Description of the task. Repeat the lines from the line with "Sanovit Luxury-60 |" to the line with "유저의 구매까지의 행동" in the listing below, keeping both end lines and adding nothing.

*** Material for this task ***

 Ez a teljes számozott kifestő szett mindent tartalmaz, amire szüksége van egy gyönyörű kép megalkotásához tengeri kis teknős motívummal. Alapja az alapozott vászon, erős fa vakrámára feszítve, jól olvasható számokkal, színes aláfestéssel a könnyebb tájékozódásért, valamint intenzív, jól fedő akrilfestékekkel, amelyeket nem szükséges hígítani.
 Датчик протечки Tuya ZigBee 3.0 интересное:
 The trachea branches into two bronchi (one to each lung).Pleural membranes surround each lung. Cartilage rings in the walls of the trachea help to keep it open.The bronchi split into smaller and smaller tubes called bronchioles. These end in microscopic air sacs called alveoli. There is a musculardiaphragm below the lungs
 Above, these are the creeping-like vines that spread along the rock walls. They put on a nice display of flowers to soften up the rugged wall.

*** End of Material for this task ***
*** Material for this task ***

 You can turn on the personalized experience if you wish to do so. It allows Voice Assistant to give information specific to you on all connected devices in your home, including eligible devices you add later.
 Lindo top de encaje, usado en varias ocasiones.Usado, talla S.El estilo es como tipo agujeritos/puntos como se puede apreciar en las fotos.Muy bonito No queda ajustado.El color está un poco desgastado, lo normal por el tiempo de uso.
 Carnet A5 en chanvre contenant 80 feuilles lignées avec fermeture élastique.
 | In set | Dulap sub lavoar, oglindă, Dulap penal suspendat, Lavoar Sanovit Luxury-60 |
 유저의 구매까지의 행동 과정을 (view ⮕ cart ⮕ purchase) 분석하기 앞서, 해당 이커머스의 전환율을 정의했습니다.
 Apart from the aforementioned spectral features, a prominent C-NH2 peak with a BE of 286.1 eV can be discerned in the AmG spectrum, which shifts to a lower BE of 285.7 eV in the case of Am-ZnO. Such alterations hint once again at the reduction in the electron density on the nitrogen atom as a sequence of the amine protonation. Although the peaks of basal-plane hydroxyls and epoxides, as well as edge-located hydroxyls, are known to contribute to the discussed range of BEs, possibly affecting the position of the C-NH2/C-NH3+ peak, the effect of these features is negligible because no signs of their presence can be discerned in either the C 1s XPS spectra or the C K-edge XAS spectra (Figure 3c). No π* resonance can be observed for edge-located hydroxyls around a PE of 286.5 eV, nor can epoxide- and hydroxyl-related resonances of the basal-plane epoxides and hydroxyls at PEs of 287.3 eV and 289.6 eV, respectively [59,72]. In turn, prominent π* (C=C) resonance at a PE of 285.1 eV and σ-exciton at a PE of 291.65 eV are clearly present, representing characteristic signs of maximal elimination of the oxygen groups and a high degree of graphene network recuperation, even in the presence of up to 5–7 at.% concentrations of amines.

*** End of Material for this task ***

Written answer.
 | In set | Dulap sub lavoar, oglindă, Dulap penal suspendat, Lavoar Sanovit Luxury-60 |
 유저의 구매까지의 행동 과정을 (view ⮕ cart ⮕ purchase) 분석하기 앞서, 해당 이커머스의 전환율을 정의했습니다.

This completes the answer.